Politics isn’t normally something I bother writing about, but occasionally peering into the quagmire every few months and seeing the same revolving vortex of bullshit is as maddening as trying to thread a needle with no arms. I need to vent.
What Brexit Means
As Danny Dyer so succinctly put it, no one knows what Brexit means. It isn’t quite the riddle wrapped in a mystery inside an enigma as Churchill once referred to the Soviets, even though it’s entirely possible those selfsame Russian national interests are the key. But it isn’t surprising given the fact that the referendum on the subject was more of a gesture than a manoeuvre.
For me, the issue is simple: Brexit is backwards. Look to the future, and what world do we want to see? A world governed by sensible values, humanity living in harmony with itself and its environment, where equality is more or less a reality rather than a buzzword and people are free to live their lives with equal opportunities yadda yadda. Wait for the bile to go down, but that’s an essential hope and dream that we find embodied in any image of the future. I’m no trekkie, but I don’t recall there being a footnote for sovereign island rights under the United Federation of Planets.
Nation states were a nice stepping stone to an organised society, but they must shrivel to the fake sound of progress and become a vestige of the past. Brexit is the childish fear of change embellished by the subcutanean jingoism that riddles the British psyche and is perpetuated by its education system. Splendid isolationist Britain went it alone before, it can do it again. None of that kowtowing to unelected Brussels, we have our own laughably undemocratic philistines to obey. Take back control, give our sovereignty back to someone else!
It’s here that several points of view conflate. Who voted for Brexit? There are obviously a few core groups. By far the largest I would maintain is made up by the Thickies, Brexit’s rank and file. Before you start, yes, there’s a whiff of condescension on your retinas. These are people who lose out during every economic hiccough, and have done significantly badly since the last singularly spectacular singultus. Meanwhile they devour mendacious tabloid headlines and have neither the time, the inclination nor the wherewithal to really inform themselves. For them, the EU bogeyman is responsible for all the woes that could fairly be placed at the British government’s feet.

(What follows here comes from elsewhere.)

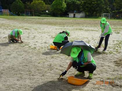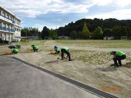 夏休み中に運動場にはたくさんの草が生え、すっかり緑色になってしまいました。

Were it not for that amorphous mass of malleable mammothrepts, Project Brexit would never have gotten off the ground. But useful idiots can easily be manipulated into nayvoting, rallied by the Reactionaries and roused by the Cynics. The former are the classic Tories of yore, the true believers still sore about the ’45, who genuinely believe that the ‘great’ in Great Britain is synonymous with ‘excellent’ rather than ‘large’. The latter are harder to distinguish, except that they couldn’t care less about the political outcome, as long as their hunger for self-importance is slaked. Economically they’ll do just fine thank you very much; in fact the greater the upheaval, the better the opportunities.
What the People Want
The soup is rather clouded by the cynicism in the recipe. The Brexit referendum was advisory, but is being treated as a binding mandate; the people most directly affected by the decision – EU nationals in Britain, as well as many British nationals in the EU – were excluded from the vote; the result was not statistically significant. The classic argument from the hardliners is that whatever deal is proposed or muted, it’s not ‘what the people want’. Which is just a petulant way of saying it’s not ‘what I want’. Otherwise such paragons of democracy couldn’t give two figs for what ‘the people’ want. Assisted dying? The legalisation of cannabis? A reformed House of Lords? More money for the NHS? Nuclear disarmament? No, no, no, ‘the people’ don’t know their own minds! But backing out on Brexit would be a betrayal.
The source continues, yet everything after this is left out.